A more practiced liar would have hissed, “Of course, not,” but then again, I suspect that the bill’s raisin de etre is to have “the base” at least think fundamentalists can refuse to cater or provide flowers to gay weddings, coming as it does right after the SCOTUS nixed Indiana’s ban on gay marriage. So rather than telling a lie, he ineffectually tried to dodge the question, transforming himself from a possible presidential candidate to an international laughing stock, the plump bourgeoise target of many a comedian’s acid-laced arrows.

(Not to worry, he made up for his refusal to lie by providing a tractor trailer load in subsequent days)

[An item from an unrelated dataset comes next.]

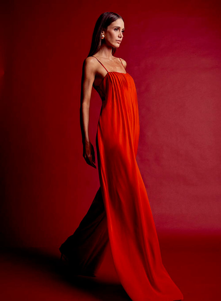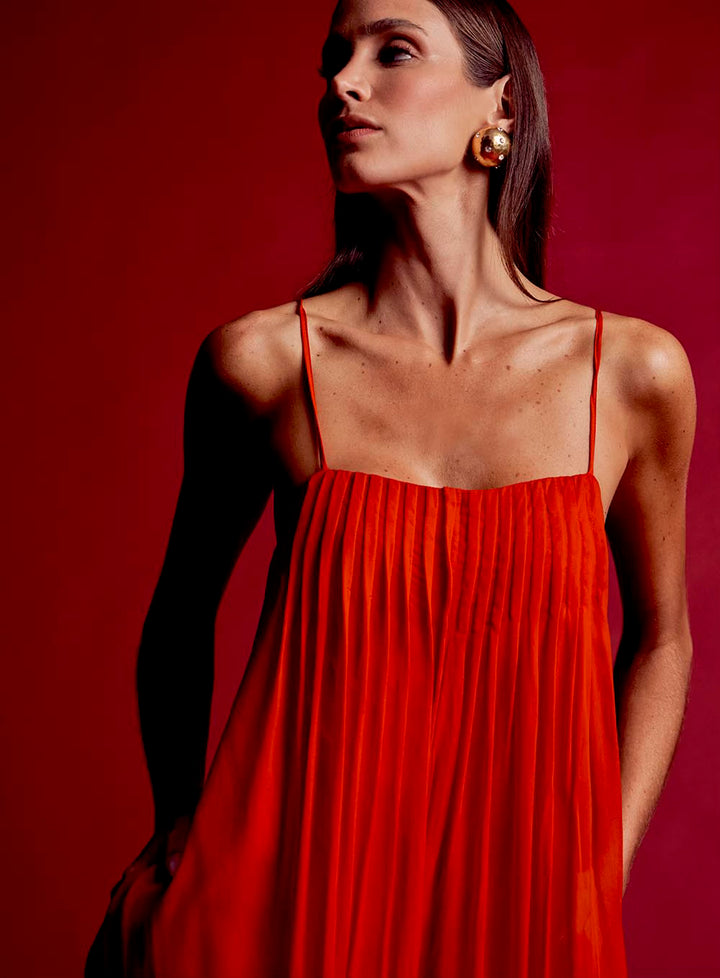 Introducing the Mariah Jumpsuit, a statement piece for any holiday party. Crafted from flowy fabric, pleated top and with wide pants, this striking red jumpsuit is sure to make heads turn. Elevate your style and make a lasting impression with this stunning piece.

And, of course, Indiana’s super-majority Republican government would have gotten away with it, as my native South Carolina did with its law, if it had not been for certain segments of corporate America, including NASCAR, deriding the law as bad for business, which just goes to show, as Bob Dylan pointed out lo so many years ago, “Money doesn’t talk; it screams.”

Well, perhaps this confession is a first, halting step from my detour from the golden 8th-fold path, or maybe not. I hear Pence made Letterman’s Top 10 list. Maybe I’ll check that out instead.